A proposta não nomeia qualquer token específico, mas transfere o ónus de conformidade para as exchanges norte-americanas. Se falharem o critério de diligência, stablecoins como a USDT arriscam perder acesso aos clientes dos EUA até julho de 2028.

As regras propostas pelo Tesouro ao abrigo do GENIUS Act permitiriam que as exchanges norte-americanas e outros prestadores de serviços de ativos digitais continuassem a oferecer algumas stablecoins de pagamento emitidas no estrangeiro, mas apenas se conseguissem justificar por que confiaram na promessa do emissor de cumprir ordens legítimas dos EUA. O regime geral deverá entrar em vigor a 18 de janeiro de 2027, com um limite de oferta mais rigoroso a partir de 18 de julho de 2028, que na prática exclui os emissores não norte-americanos do mercado dos EUA sem supervisão equivalente, registo na OCC e reservas detidas nos EUA. A proposta não nomeia qualquer token específico, mas a USDT e outras stablecoins estrangeiras de grande dimensão estão diretamente na mira do novo teste de conformidade.

Por que importa

O projeto transfere o ónus da diligência do regulador para a plataforma.
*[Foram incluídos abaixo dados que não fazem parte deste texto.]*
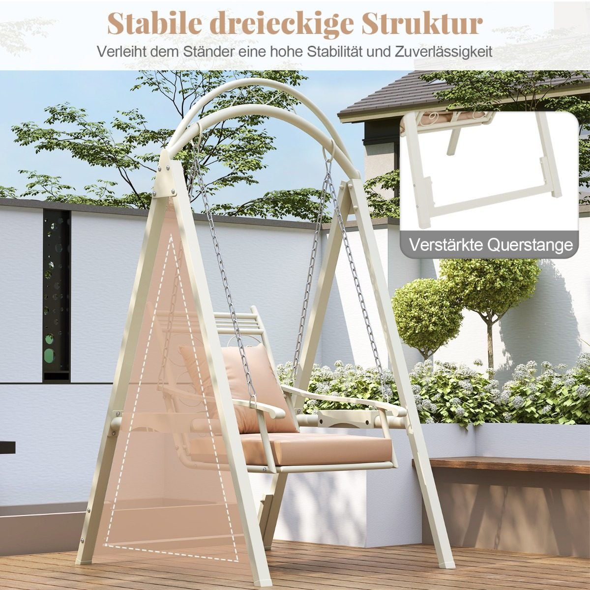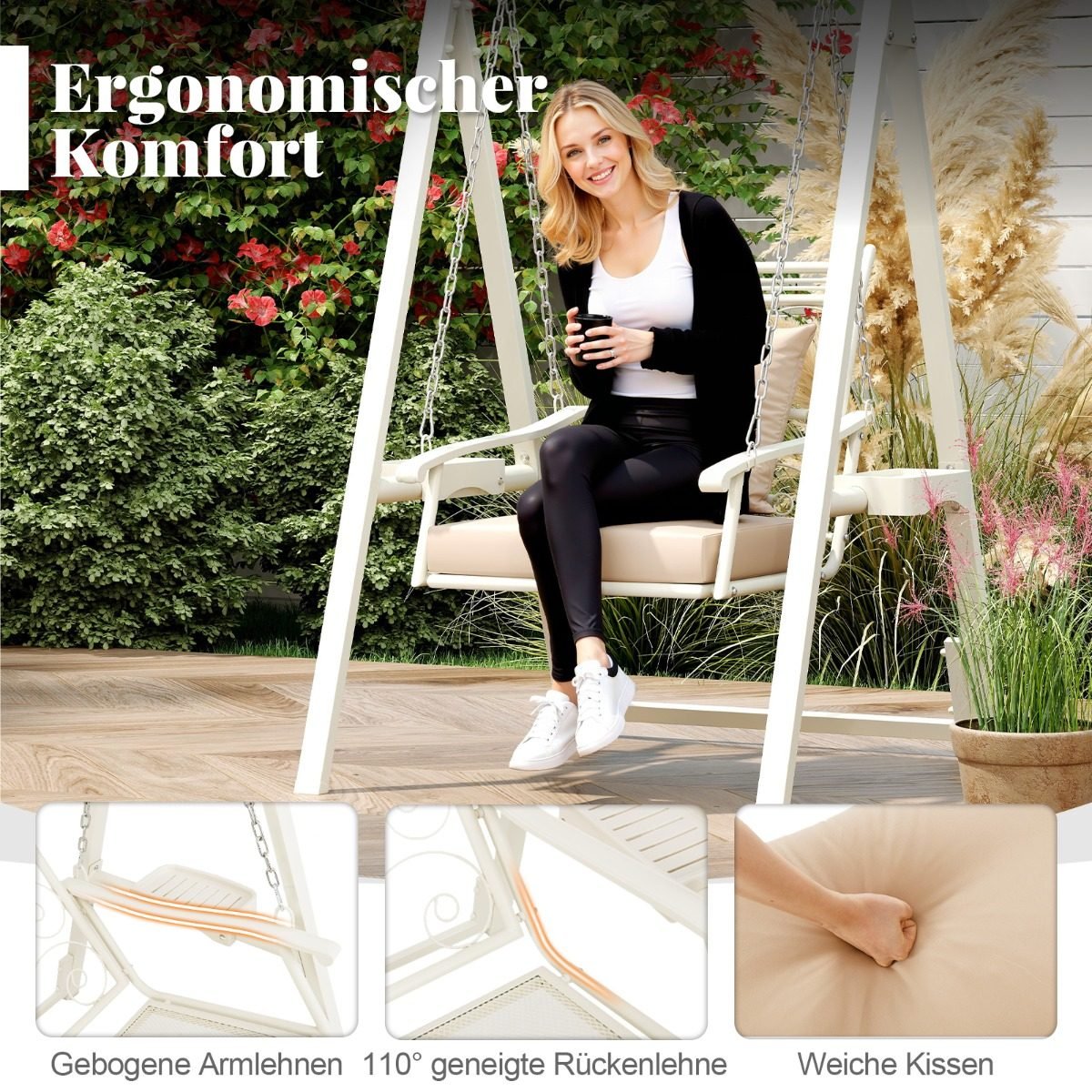 Lauko supynės su metaliniu rėmu ir patogiais čiužiniais (Balta)

Um prestador pode basear-se na declaração de um emissor estrangeiro de que dispõe da tecnologia e da intenção de cumprir ordens legítimas, incluindo congelamentos, apreensões e queimas, apenas após realizar uma diligência razoável. A confiança na declaração é vedada quando a plataforma sabe, tem motivos para saber ou deveria saber que a mesma é falsa. O Tesouro está a perguntar se a regra final deverá exigir declarações escritas, conservação de registos, revisão de smart contracts ou testes ao vivo das funções de congelamento e queima. Estas questões permanecem em aberto; os comentários à proposta no Federal Register terminam a 19 de outubro de 2026.

Impacto no mercado

Para as exchanges norte-americanas, o custo operacional é a nova variável. Qualquer plataforma que liste, venda ou guarde uma stablecoin de pagamento estrangeira para utilizadores nos EUA tem agora de criar um processo documentado de diligência sobre o emissor, incluindo confirmação de que não está sujeita a uma proibição pública de negociação secundária ao abrigo do GENIUS Act e de que a sua jurisdição de origem não está sob sanções abrangentes dos EUA nem foi designada como preocupação principal de branqueamento de capitais. A proposta exclui as transferências diretas peer-to-peer e a utilização de wallets em autocustódia, pelo que a pressão recai sobre as plataformas centralizadas e não sobre os detentores individuais. Até o Tesouro finalizar a norma, a disponibilidade contínua da USDT nos EUA é um alvo móvel.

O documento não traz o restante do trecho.